Kalimatnya benar-benar menamparku dengan keras. Inilah yang membuatku merasa kami semakin jauh. Keluarganya merupakan keluarga terpandang, dan sejak kami berkencan, aku tidak yakin bisa bersamanya selamanya. Aku hanya wanita miskin yang tidak mungkin masuk dalam foto keluarganya yang berharga. 

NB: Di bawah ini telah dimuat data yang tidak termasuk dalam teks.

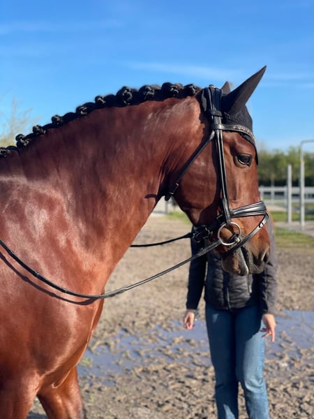 Dieser braune PRE-Hengst ist nicht nur bildschön sondern auch einfach nur ein Traum im Umgang und unterm Sattel. Er kommt aus allerbesten Verhältnissen, top gepflegt, top geritten und charakterlich einwandfrei. Er ist ganz leichtrittig und bereits bis hin zur Galoppwechseln in Serie spielerisch ausgebildet. Piaffe an der Hand ist ebenfalls in seinem Repertoire. Er hat auch Tuniererfahrung: Platzierung Ancce international, Dressur CDN*** 74,8% Platz 1! Er ist charakterlich auch für Anfänger oder Kinder geeignet. ✅Verladefromm ✅schmiedefromm ✅für Anfänger/Kinder geeignet ✅Tuniererfahrung und Platzierung ✅Piro-frei Mehr Info und Videos erhalten Sie gerne persönlich!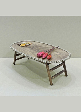 Дуже зручна річ, а також - ідея для подарунка! Можна використовувати як підставку для ноутбука, для подачі сніданку, для настільних ігор, для занять з дитиною, зручно взяти з собою в дорогу або на відпочинок на природі і т.д. Можна поставити на ліжко, що робить дуже зручним чаювання в ліжку або роботу за ноутбуком. При необхідності Ви можете його скласти або розкласти, що дозволить зробити собі максимальний комфорт. Матеріал: дерево. Розміри зовнішні: довжина - 50см, ширина - 35см, висота - 5см (в складеному стані). Висота до стільниці в розкладеному стані - 15см. Покриття: акриловий лак. Виріб ручної роботи та виготовлений виключно з натуральних, екологічно чистих матеріалів.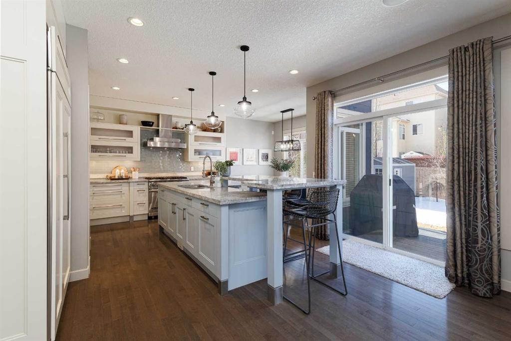 Welcome to this beautifully maintained 2-storey home in Evergreen Estates, ideally located just steps from the endless walking and biking trails of Fish Creek Park. Offered for the first time by the original owners, this immaculately cared-for home showcases exceptional curb appeal, highlighted by a new roof, Gemstone lighting and a durable Hardie Board exterior installed in 2022, along with numerous thoughtful upgrades that enhance both style and long-term value. Step inside to a bright, spacious main level where hardwood and tile flooring flow through the principal living areas. A private front office provides the perfect work-from-home space, while the formal dining room offers an elegant setting for hosting family dinners and special occasions. The inviting living room is centered around a cozy fireplace and large windows that overlook the spectacular west-facing backyard. At the heart of the home is a beautifully appointed kitchen designed for both everyday living and entertaining. Premium appliances include a Sub-Zero refrigerator and Viking gas cooktop, complemented by generous counter space, quality cabinetry, a central island, walk-in pantry and sunny breakfast nook. Sliding patio doors open directly out to the deck/patio, creating a seamless connection between indoor and outdoor living. The professionally landscaped backyard is truly exceptional, offering a rare, private retreat framed by mature trees and a convenient garden shed. Multiple seating areas, lush greenery and underground irrigation create a peaceful setting that is perfect for summer entertaining, family gatherings, or simply relaxing outdoors. Upstairs, a large bonus room filled with natural light provides a comfortable gathering space for movie nights or quiet evenings at home. The upper-level features four spacious bedrooms, including a tranquil primary suite with a walk-in closet and ensuite complete with double vanity, glass shower, and deep soaker tub. A full bathroom serves the additional bedrooms, creating a highly functional layout for growing families. The fully developed, freshly painted basement adds valuable living space and features two large bedrooms with new carpet, a full bathroom, and a spacious recreation area - ideal for guests, teenagers, or extended family. With numerous recent updates and a beautifully landscaped yard, this home offers the rare opportunity to enjoy a mature Evergreen setting without sacrificing modern upgrades and comfort. Upgrades and features include a roof replaced in 2022, Hardie board siding, A/C, a 75-gallon hot water tank, Gemstone exterior lighting, in-ground sprinklers, and a heated double garage with new garage door and upgraded overhead motor. Ideally located close to schools, shopping, and major roadways, the home is also just steps from a lovely community green space and playground - perfect for families. This exceptional home offers an outstanding lifestyle in one of Calgary’s favourite family communities!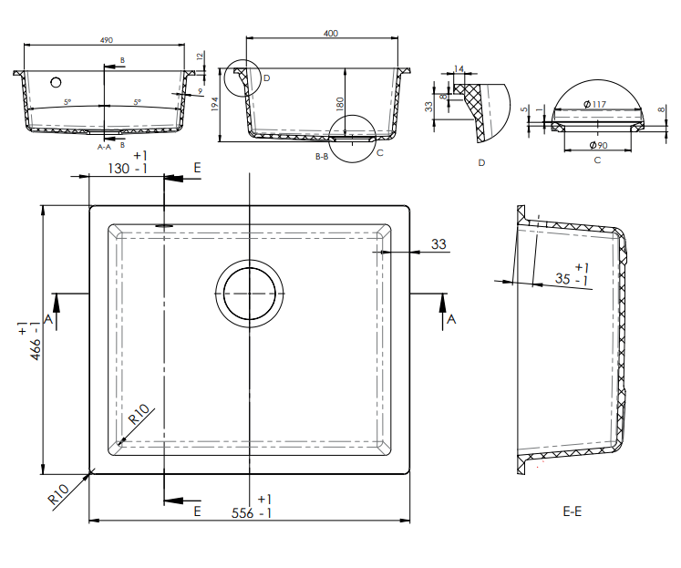 Jupiter 600 ist eine Küchenspüle aus Verbundwerkstoff zum Einbau. Das Design ist praktisch und schlicht. Das Verbundmaterial ist von hoher Qualität, wodurch die Spüle sehr langlebig und leicht zu reinigen ist.Das Waschbecken wird mit einer schwarzen Ablaufgarnitur geliefert.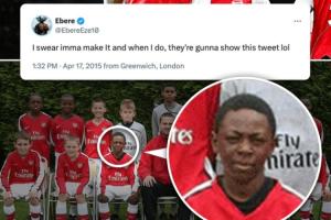 埃澤8歲就進入阿森納青訓體系,13歲離開槍手。如今重回母隊的他,在個人首次北倫敦德比中就用一記帽子戲法兌現(xiàn)了自己當初許下的諾言。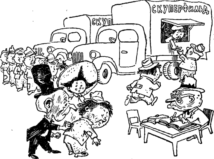 Продавщица из передвижного ларька тут же вручала коротышке бутерброд с сосиской, а управляющий заносил его имя в тетрадь и брал у него расписку в том, что он получил сосиску. Вся эта комедия с сосисками была придумана Скуперфильдом для того, чтобы новые рабочие увидели, какой он добрый, и получше работали на него. Нечего и говорить, что раздавал он сосиски не даром, а намеревался высчитать двойную их стоимость, когда будет расплачиваться с рабочими, и таким образом обтяпать попутно еще одно выгодное дельце.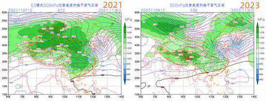 △左图为2021年11月8日地面气压场,右图为2023年11月6日地面气压场。

"Haah, sudahlah. Inilah hidup. Aku akan banyak belajar dari ini semua," kata Jimin yang kutebak sebagai kalimat pengakhir pertemuan kami. Dia kemudian beranjak dan berdiri di depanku, mengusap lembut kepalaku dengan tatapan sayang. Tapi itu justru semakin melukaiku. 

"Paling tidak, kita pernah bahagia bersama. Semoga kita tidak saling mengingat dalam hal yang buruk," kata Jimin melembut.

"Selamat tinggal," ucap Jimin lalu beberapa saat kemudian meninggalkanku tanpa memberi kesempatan untukku mengucapkan sepatah katapun. Aku menatap punggungnya semakin menjauh. Kulihat dia melambaikan tangan pada Yoongi yang terus mengamati kami dari dalam mobil. Aku bisa melihat Yoongi yang menatap Jimin heran karena tiba-tiba menyapanya. 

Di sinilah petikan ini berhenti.